For the latest Investment Climate Statement (ICS) which includes information on investment and business environments in foreign economies pertinent to establishing and operating an office and to hiring employees, visit the U.S. Department of Department of State’s Investment Climate Statements website.
U.S. businesses looking to franchise within the UK will find that the market is generally open to new brands. However, because the UK is a mature and competitive market, it can be challenging to identify investors and companies should be aware that it can take considerable time and investment to establish a presence. Additionally, local franchise experts advise that brands have a UK-based representative in place.
There are several laws that govern the operation of franchises within the UK, but these laws are broad and generally do not constrain the competitive position of U.S. businesses. The British Franchise Association (BFA) (https://www.thebfa.org/) operates a voluntary code of practice for franchisors.
There is a wide range of UK legislation that impacts the direct marketing sector. Compliance requirements are stiffest for marketing and sales to private consumers. Companies need to focus on the clarity and completeness of the information they provide to consumers prior to purchase and on their approaches to collecting and using customer data.
Processing Customer Data
The UK has strict laws governing the protection of personal data, including the use of such data for direct marketing activities. The UK General Data Protection Regulation (GDPR) is the current legal framework for data protection, although new legislation, including the Data Protection and Digital Information bill, is making its way through Parliament. The UK GDPR sets out guidelines on how businesses and bodies can handle personal information. Additionally, individuals, organizations, and companies that are controllers or processors of personal data are impacted by GDPR.
Detailed information on GDPR for the EU is also available on the Trade.gov GDPR webpage.
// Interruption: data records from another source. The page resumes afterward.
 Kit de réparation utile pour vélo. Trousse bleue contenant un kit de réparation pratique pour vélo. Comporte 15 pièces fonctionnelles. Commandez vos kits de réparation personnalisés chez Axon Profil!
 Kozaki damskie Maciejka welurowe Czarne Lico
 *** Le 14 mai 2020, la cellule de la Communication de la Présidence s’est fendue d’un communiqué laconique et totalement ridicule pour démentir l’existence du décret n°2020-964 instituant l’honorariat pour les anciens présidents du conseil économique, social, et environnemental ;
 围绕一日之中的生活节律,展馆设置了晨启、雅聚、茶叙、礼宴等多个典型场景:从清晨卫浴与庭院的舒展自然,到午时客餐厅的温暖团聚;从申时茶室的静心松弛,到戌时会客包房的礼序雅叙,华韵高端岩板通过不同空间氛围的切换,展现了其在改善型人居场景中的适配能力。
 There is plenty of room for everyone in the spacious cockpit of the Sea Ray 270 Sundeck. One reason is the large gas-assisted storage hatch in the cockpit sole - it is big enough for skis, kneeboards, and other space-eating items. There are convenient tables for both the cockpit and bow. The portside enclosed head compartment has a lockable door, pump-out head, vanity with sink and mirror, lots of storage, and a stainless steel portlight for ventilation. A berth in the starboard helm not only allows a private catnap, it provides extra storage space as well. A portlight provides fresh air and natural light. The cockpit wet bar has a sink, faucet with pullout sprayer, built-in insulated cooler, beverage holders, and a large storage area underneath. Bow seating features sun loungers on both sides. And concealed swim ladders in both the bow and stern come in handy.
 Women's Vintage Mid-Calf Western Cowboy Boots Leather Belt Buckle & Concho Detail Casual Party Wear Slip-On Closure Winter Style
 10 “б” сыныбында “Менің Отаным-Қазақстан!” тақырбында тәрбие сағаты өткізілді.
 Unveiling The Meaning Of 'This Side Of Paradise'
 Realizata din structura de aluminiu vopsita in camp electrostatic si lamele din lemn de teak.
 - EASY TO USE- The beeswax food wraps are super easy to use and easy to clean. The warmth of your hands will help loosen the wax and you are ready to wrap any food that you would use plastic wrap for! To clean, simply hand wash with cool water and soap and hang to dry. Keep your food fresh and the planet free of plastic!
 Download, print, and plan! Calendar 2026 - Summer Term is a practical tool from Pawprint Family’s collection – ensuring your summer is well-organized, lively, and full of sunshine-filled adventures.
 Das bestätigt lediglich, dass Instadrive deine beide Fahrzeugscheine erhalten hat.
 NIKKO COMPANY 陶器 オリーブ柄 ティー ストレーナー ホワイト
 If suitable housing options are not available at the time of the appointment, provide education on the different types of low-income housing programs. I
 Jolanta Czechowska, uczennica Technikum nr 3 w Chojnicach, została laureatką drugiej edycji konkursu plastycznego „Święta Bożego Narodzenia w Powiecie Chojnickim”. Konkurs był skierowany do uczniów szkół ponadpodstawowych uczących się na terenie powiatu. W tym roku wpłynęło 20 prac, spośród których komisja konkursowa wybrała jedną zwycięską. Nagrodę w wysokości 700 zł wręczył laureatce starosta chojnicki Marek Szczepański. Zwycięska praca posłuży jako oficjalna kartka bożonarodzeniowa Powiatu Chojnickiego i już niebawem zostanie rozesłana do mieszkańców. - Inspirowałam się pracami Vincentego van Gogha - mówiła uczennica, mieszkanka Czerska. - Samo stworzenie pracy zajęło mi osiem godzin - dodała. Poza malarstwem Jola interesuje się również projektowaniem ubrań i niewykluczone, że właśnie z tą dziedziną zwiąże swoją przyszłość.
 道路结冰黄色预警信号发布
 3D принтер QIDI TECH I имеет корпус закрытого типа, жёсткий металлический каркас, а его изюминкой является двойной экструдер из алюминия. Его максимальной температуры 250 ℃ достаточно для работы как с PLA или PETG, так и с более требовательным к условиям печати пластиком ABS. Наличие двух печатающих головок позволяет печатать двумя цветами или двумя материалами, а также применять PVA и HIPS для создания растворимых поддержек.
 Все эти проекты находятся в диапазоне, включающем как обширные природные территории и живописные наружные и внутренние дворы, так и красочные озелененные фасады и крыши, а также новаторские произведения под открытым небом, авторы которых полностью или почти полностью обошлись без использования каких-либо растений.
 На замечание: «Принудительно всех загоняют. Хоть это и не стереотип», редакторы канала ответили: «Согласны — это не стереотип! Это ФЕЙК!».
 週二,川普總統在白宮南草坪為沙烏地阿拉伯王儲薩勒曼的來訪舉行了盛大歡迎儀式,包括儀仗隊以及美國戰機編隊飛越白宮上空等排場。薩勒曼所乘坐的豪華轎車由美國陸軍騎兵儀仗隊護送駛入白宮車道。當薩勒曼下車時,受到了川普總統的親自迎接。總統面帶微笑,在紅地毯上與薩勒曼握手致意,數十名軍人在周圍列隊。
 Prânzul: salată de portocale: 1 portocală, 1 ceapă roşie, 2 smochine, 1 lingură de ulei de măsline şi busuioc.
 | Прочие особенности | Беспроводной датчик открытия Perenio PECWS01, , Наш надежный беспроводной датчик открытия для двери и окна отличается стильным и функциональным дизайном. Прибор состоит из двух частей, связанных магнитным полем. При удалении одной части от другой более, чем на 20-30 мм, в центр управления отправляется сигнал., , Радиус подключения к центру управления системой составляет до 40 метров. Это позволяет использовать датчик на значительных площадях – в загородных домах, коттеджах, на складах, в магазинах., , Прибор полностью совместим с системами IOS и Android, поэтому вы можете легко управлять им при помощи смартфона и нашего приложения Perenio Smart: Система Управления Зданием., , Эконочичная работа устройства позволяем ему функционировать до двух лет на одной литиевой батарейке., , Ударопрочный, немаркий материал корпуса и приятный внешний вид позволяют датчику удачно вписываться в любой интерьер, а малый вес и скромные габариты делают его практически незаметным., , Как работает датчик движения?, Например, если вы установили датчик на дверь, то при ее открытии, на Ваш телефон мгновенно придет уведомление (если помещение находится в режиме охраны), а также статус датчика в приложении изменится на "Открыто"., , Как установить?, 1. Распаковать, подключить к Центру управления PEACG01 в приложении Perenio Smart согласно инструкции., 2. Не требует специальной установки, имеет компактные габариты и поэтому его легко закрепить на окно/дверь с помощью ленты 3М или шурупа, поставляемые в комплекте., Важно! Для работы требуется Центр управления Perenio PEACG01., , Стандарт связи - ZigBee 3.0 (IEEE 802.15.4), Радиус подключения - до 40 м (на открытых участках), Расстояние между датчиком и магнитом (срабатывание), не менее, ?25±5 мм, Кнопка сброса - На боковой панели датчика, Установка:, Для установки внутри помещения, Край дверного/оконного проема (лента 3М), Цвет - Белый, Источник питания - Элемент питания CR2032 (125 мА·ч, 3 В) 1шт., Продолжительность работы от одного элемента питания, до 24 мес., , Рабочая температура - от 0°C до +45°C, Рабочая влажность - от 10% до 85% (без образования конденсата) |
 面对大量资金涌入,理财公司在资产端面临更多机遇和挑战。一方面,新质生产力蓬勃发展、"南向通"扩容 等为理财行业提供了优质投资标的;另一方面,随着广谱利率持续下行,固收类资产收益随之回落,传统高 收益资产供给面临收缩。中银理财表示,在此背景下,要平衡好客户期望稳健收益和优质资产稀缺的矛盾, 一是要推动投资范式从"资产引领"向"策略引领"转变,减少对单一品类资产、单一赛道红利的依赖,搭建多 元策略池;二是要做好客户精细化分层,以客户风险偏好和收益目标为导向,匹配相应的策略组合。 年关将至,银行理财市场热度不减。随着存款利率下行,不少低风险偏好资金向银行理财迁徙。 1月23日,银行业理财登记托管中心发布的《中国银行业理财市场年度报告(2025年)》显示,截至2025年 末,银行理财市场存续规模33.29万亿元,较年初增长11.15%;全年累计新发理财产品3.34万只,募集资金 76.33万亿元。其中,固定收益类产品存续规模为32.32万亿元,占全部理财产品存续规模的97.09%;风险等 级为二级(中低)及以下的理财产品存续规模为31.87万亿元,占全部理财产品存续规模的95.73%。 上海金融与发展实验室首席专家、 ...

Direct Marketing over the Internet
Promotional offers must not mislead customers, and the terms that must be met to qualify for them have to be easily accessible and clear. Marketing communications must be identified as such to the recipient, and companies targeting customers online must regularly consult national opt-out registers where they exist. When an order is placed, the service provider must acknowledge receipt quickly and by electronic means, although the regulation does not attribute any legal effect to the placing of an order or its acknowledgment. Vendors of electronically supplied services must also collect value added tax (see Electronic Commerce section).
Joint ventures may be formed as limited liability companies or as equal or unequal partnerships. Consortia of companies formed to bid or manage specific projects usually use a British-registered limited liability company. These LLCs act as the vehicle to facilitate the rental or purchase of local premises and assets, and to hire and manage a local workforce and support staff. No ownership or control restrictions apply to joint ventures in the United Kingdom.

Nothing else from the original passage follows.